Dirks, M, Pflugrad, H, Haag, K et al. · Journal of viral hepatitis · 2017 · DOI
This study looked at whether people who had hepatitis C virus (HCV) infection experience long-lasting fatigue, mood problems, and memory difficulties even after the virus is cleared from their body. Researchers found that 85% of HCV patients reported chronic fatigue and about half experienced depression or anxiety, regardless of whether they still had active virus or had been treated. The findings suggest HCV may cause lasting brain-related effects that persist even after successful treatment.
This study is relevant to ME/CFS research because it demonstrates that viral infections can cause persistent neuropsychiatric and cognitive dysfunction that outlasts viral clearance, a pattern potentially paralleling ME/CFS. The finding that cognitive deficits exist independently of fatigue and mood suggests distinct pathological mechanisms, informing investigation of post-viral syndromes like ME/CFS.

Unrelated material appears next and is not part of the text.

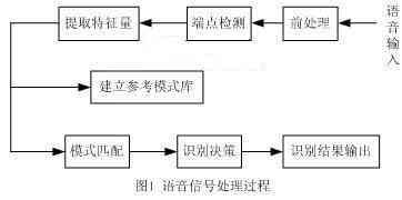 由圖1可知,軟件系統(tǒng)的設(shè)計(jì)主要包括端點(diǎn)檢測(cè)、特征量提取和模式匹配。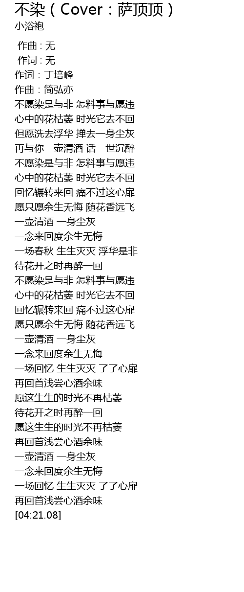 | [00:41.58] | dàn yuàn xǐ qù fú huá dǎn qù yī shēn chén huī |

This cross-sectional study cannot establish causation or mechanism—it shows association between HCV exposure and symptoms but not whether HCV directly caused the neuropsychiatric dysfunction or whether other factors contributed. The study does not prove that viral clearance failure or reactivation is responsible; symptoms may reflect persistent immune activation or brain inflammation from prior infection. Findings from an HCV cohort may not directly translate to ME/CFS, which has different epidemiology and pathophysiology.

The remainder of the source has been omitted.